The runes on the boots seemed to suggest mental powers of bonding, of holding the wearer against a surface, besides being protected from the elements and wear. They likely helped a young elf to master their clan’s secret of tree-running, running and staying on surfaces, like trees, without falling off, so they could literally run up and down trees. Remembering earlier, it occurred to him she must not have mastered these either, yet.
He flipped the knife in the air above his hand, flipped the grip, spun it in his hand; the weight was good, for throwing or fighting, but it seemed more a tool than a fighting weapon. He smiled at her, “I have just the thing…” and went back to the shelter, lifting a wide flatish rock, which seem to cover a stone enclosure, with various things in it.

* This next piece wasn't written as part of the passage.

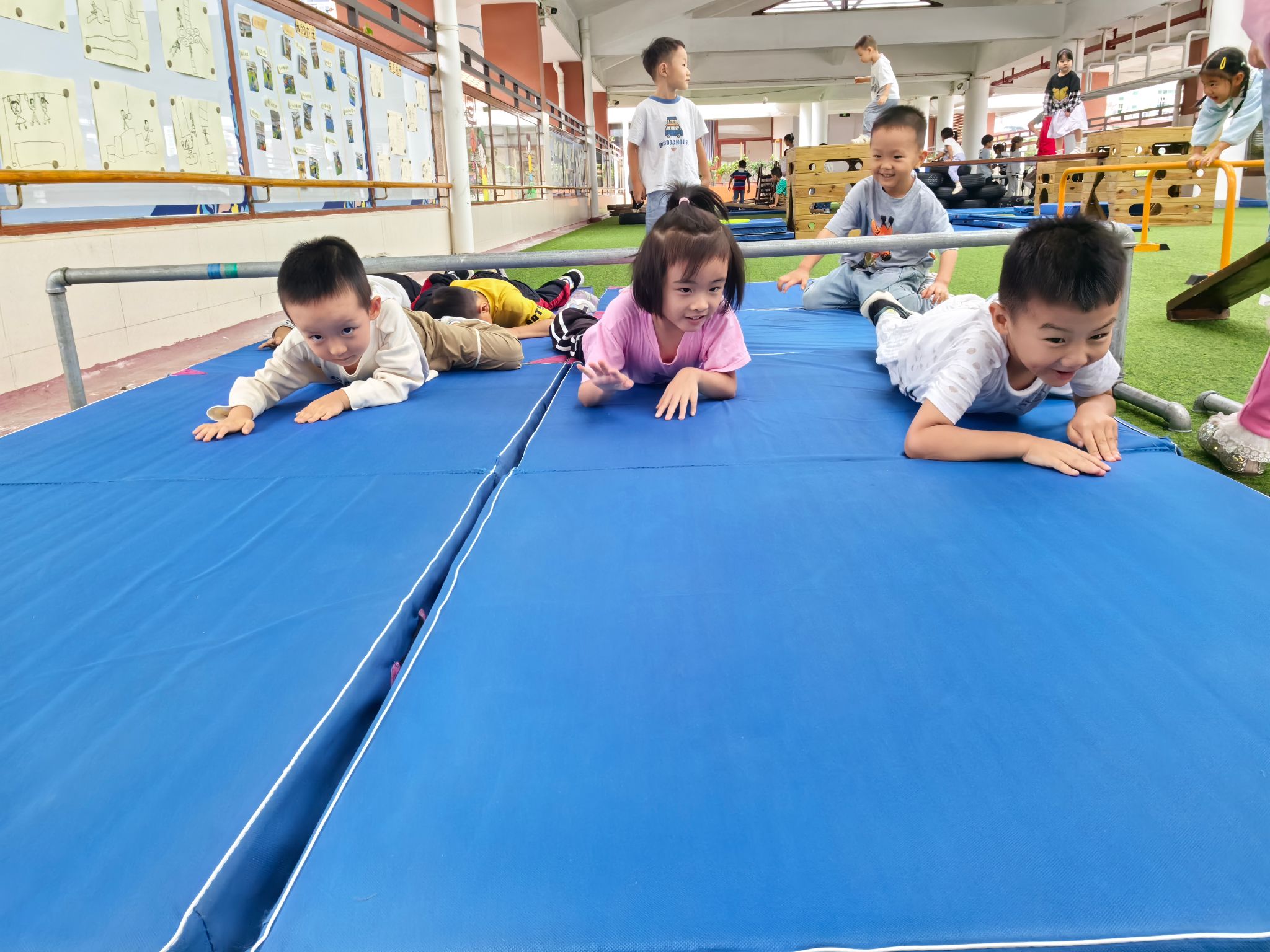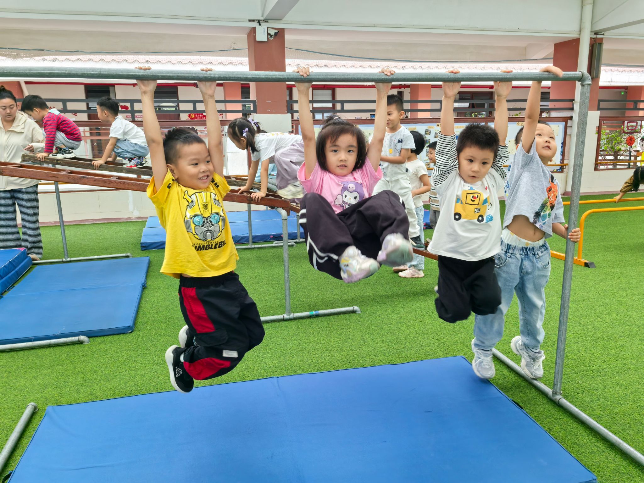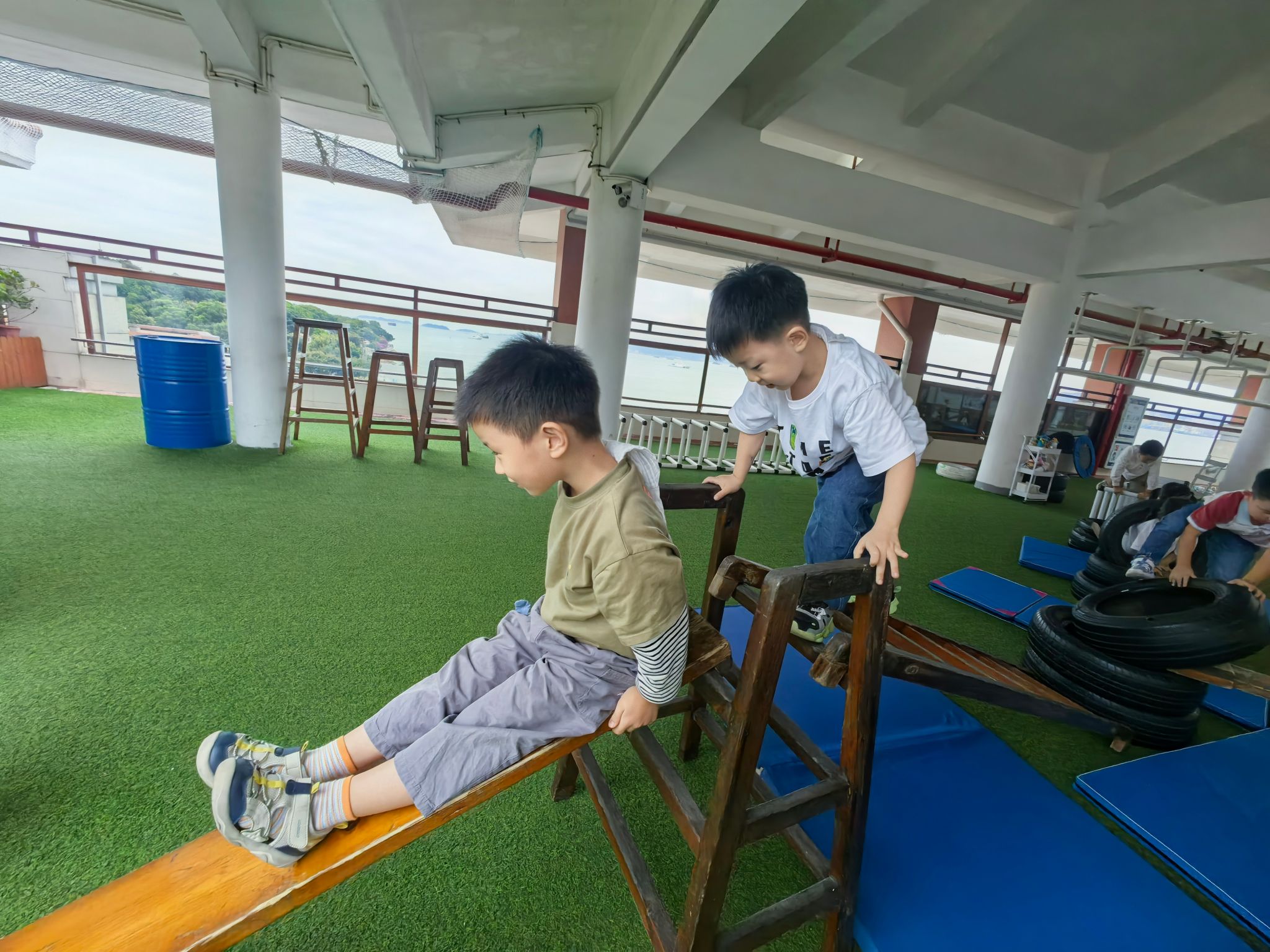 天台的运动区藏着大大的挑战。轮胎架起的“小桥”上,小朋友小脚丫踮得轻轻的;横杆下,小手扒得紧紧,小屁股撅得高高往前爬;软垫上,小朋友们扑棱着胳膊“匍匐冲锋”。连汗珠都裹着甜丝丝的劲儿!每一次攀爬,都是成长的小勋章。

He pulled out some tools and some leather, and began to work away, while Illel hugged her knees and stared at her things. She tried flipping the knife around in her hand as the druid had, then tiring of that quickly, started gazing at the clouds that passed overhead, her hair blowing gently in the breeze. He returned with a sheath, that had a strap that could be adjusted.
“I suggest you put it on your ankle, but you can put it around your waist too, if need be, he said, and took the offered foot and fit the sheath there snugly, wrapping and tying the extra length slowly, making sure she was watching and saw how he did it. “Like that.”